The term “party” seems a reductive descriptor for Bartsch’s productions. Her happenings, which have evolved with the zeitgeist, are installed with a gallery of elaborately dressed creatures and a motley crew of performers, from opera-singing pole dancers to spoken word poets. More than merely a setting for drinking and dancing, these events are a breeding ground and springboard for subcultural movements. Their premise may be a party but, more often than not, they are a showcase for aesthetic experimentation. And given the ease with which Bartsch moves between the underground and the establishment, styles that debut on her dancefloors frequently turn up on runways, in music videos and the mainstream.
A prime example of this is the Love Ball, a fundraiser she mounted in 1989 at the dawn of the AIDS crisis and the first to unify the fashion industry in the fight against the disease. It took the form of a drag ball1 : she paired houses2 from Harlem’s ballroom community with corporate sponsors and introduced an audience including the likes of Madonna, Keith Haring and David Byrne to the rich voguing3 scene – resulting in Madonna’s Vogue and the documentary Paris is Burning. Moreover, with several iterations, the Love Ball raised over $2.5 million for those affected by HIV/AIDS.

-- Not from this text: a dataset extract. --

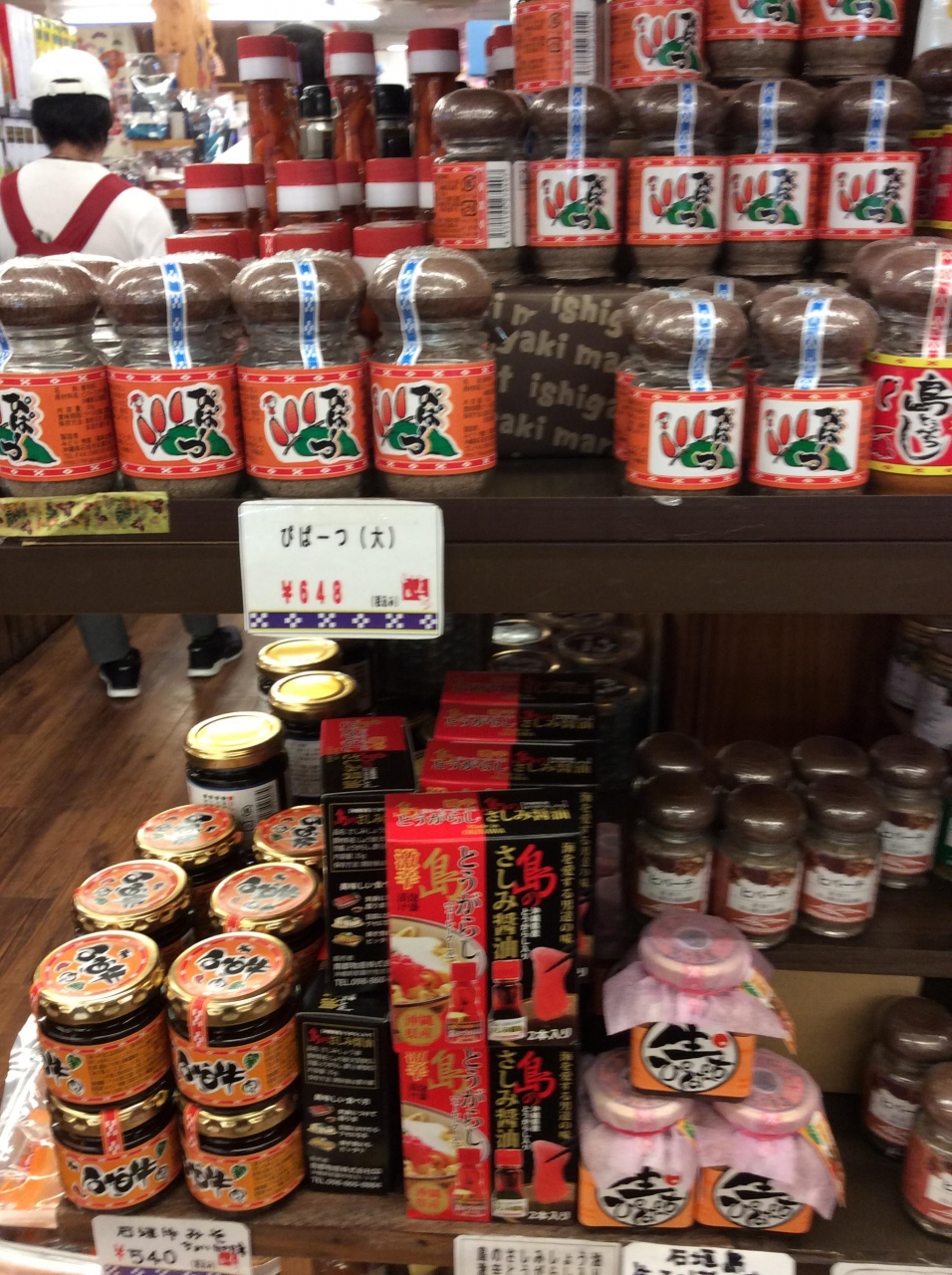 ユーグレナモールの中にある大きなお土産屋さんです。石垣島のお土産はなんでも揃っていましたが、特に「ピパーツ」がたくさん並んでいました。ピパーツは「ピパーチ」ともよばれる島コショーで八重山そばにかけたりして使うようです。以前テレビでピパーツが体に良いと言っていたのが影響しているのかもしれません。入り口の上の方にウミガメの写真があったので、お店の目印になると思います。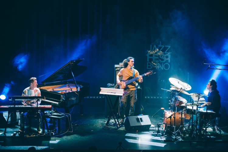 His twelve tracks clock in under forty-five minutes in total. In the leadoff, “Open Sesame,” acoustic piano chords soon give way to a dizzying blur of electronics in the intro that lasts just over a minute. We get a pause before his trio mates enter, establishing a steady, hip-hop-like groove over which Pollack adeptly wraps acoustic, Rhodes, and synths. The piece sets the tone for the remainder of the album. “Birthday Song,” one of three singles, rests largely on joyous and melodic acoustic piano lines that are colored rather lightly relative to the others with electronics. It is all set to a more intricate rhythmic pattern, steered nicely by Marshall and Johnson. The second single, “Bop,” has Pollock engaged mostly with a full arsenal of electronics and keyboards, leaving Reynolds and Jennings to carry the bulk of the infectious riff. Reynolds proffers an aggressive improvised solo, after which Pollack pulls out all the stops. The piece then morphs into spacey, ethereal territory before reaching an abrupt close.

As hostess and architect of these events, Bartsch sets the bar with her own ensembles. Drawing on references as far-ranging as Rossetti paintings and Masai tribal crafts, she uses clothing, hair and makeup to transform herself into a different character for each outing. She collaborates with little-known designers like BCALLA and stalwarts like Balenciaga, touching at all points along the style spectrum. Far more nuanced than a trifling costume, her deeply layered looks – like Bartsch herself – are amalgams that resist fitting into a neat little box.
Kareem Rashed

1. An event with its roots in the African-American LGBTQ+ community where attendees dance and model in numerous drag categories, competing for trophies awarded to the best look.
2. A chosen family of performers who compete as a team in drag balls, such as the House of Xtravaganza and the House of LaBeija.
3. Voguing is a dance style that originated in the Harlem ballroom community, characterised by striking a series of poses.

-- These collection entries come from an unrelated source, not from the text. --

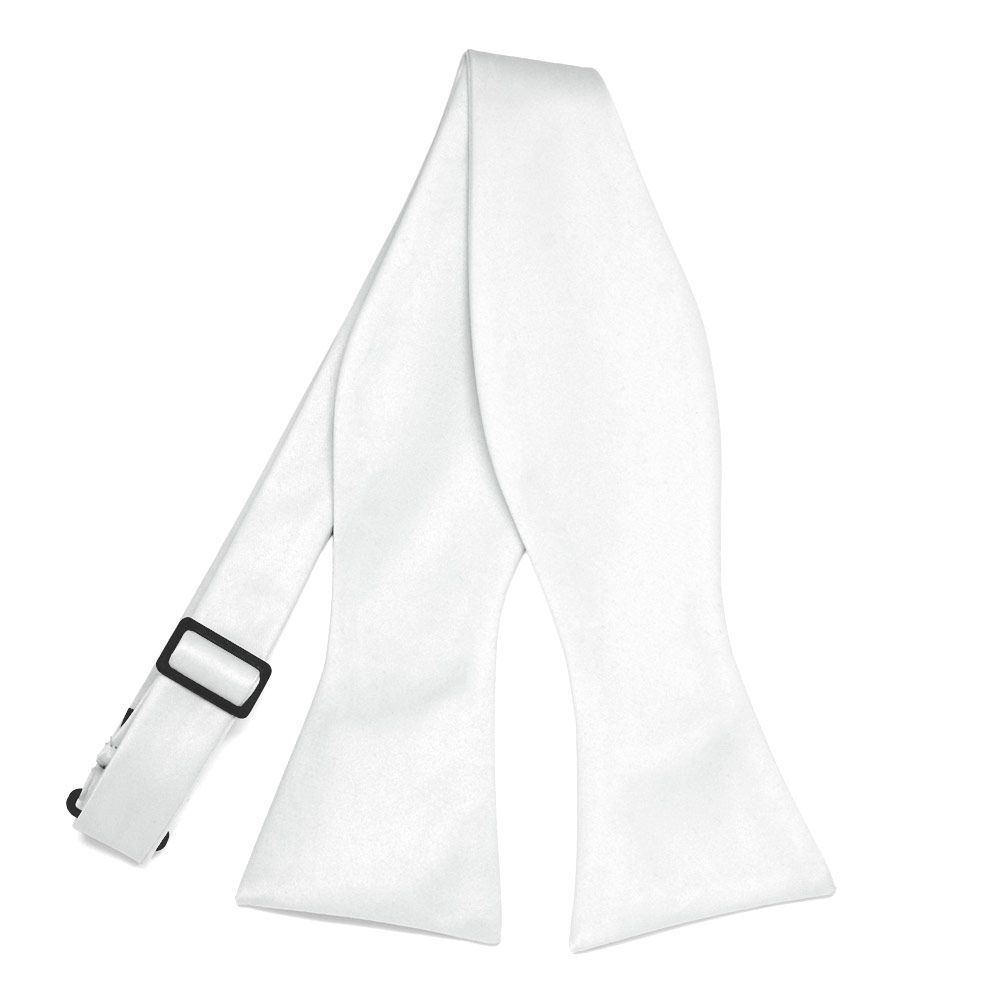 This is a self-tie bow tie, which means it must be tied by the wearer. Prior to tying, the collar adjusts to fit most adults and teens. The material is durable with a very light, but not particularly shiny, sheen.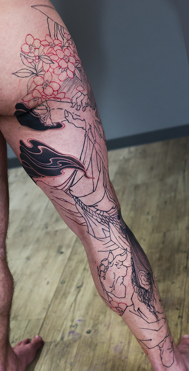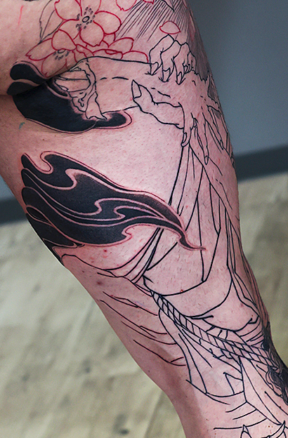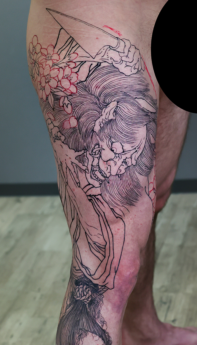 2025.11.09 夜叉 生首 桜 脚一本 和彫り 内もものほう中心の施術でした。 次回から本格的に背景、額に入ります。 お疲れ様でした。頑張っていきましょう! 制作事例 関連する記事 菊水 腕十分袖 和彫り 2026.01.07 八岐大蛇 ヤマタノオロチ 腕十分袖 和彫り 2025.12.23 一匹龍 腕十分袖 和彫り 2025.12.23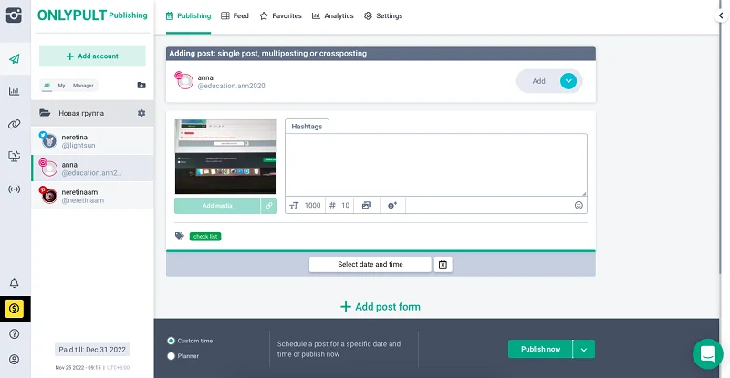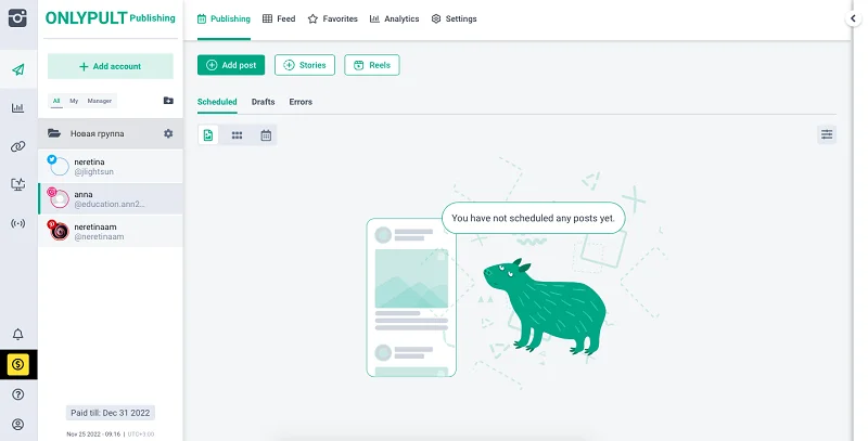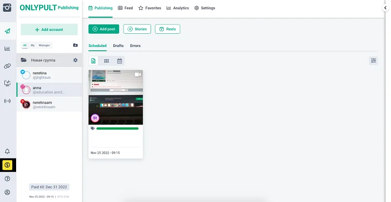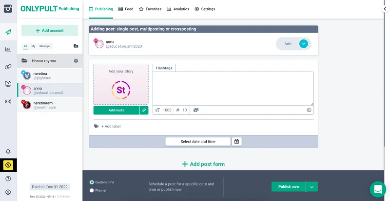 Go to your personal account. You can find all accounts linked to the profile in the Publishing tab. Select the Instagram icon and the account you want to publish Stories. The Add post, Stories, Reels buttons are on the top menu.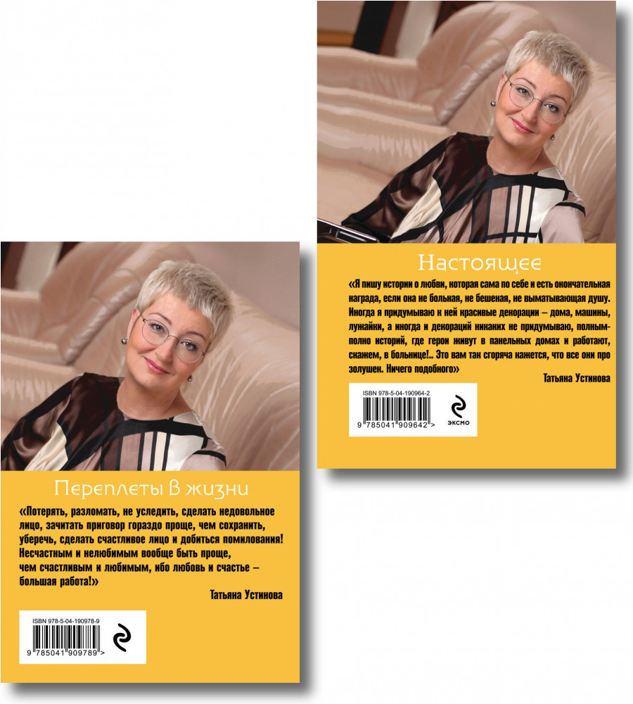 Переплеты в жизни. Настоящее. Комплект из 2 книгВ данный момент этот товар отсутствует в продаже. Возможно, у нас найдется аналогичный или похожий товар здесь. Серия: Татьяна Устинова. Первая среди лучших. Избранное (обложка) Татьяну Устинову не зря называют первой среди лучших. Конечно, прежде всего публика знает ее как автора остросюжетных романов, но мы, пожалуй, согласимся, что это скорее криминальные мелодрамы. Истории, в которых, как завещал классик, и жизнь, и слезы, и, конечно, любовь — к тому, кто понимает тебя, к любимому делу, даже к любимому месту — если ты в этом месте живешь или работаешь. И всё по-настоящему: комическое и трагическое, трогательное и забавное, всё вперемешку. Так происходит и в рассказах Татьяны Устиновой. |

This text will also be printed in the publication Swiss Grand Award for Design 2022 (Scheidegger und Spiess), which will be published in June 2022 as part of the Swiss Design Awards exhibition in Basel. The publication includes a comprehensive interview with Susanne Bartsch and Kareem Rashed as well as a picture series on the award winner's work.

Susanne Bartsch
© Diana Pfammatter / BAK

Jurystatement

«Susanne Bartsch’s legendary looks and parties have made her a dazzling total work of art. As an impresaria, artists’ agent and generous, open host, she operates with consummate flair at the intersection of fashion, make-up, activism, art, music and performance. She is the muse of numerous fashion designers and a pioneer and ambassador of expressive self-realisation. As such, she is a hugely influential style icon. An early campaigner for the rights of the LGBTQI community and recognition for people with HIV/Aids, she is regarded in New York as an unofficial patron saint of transformation and integration.»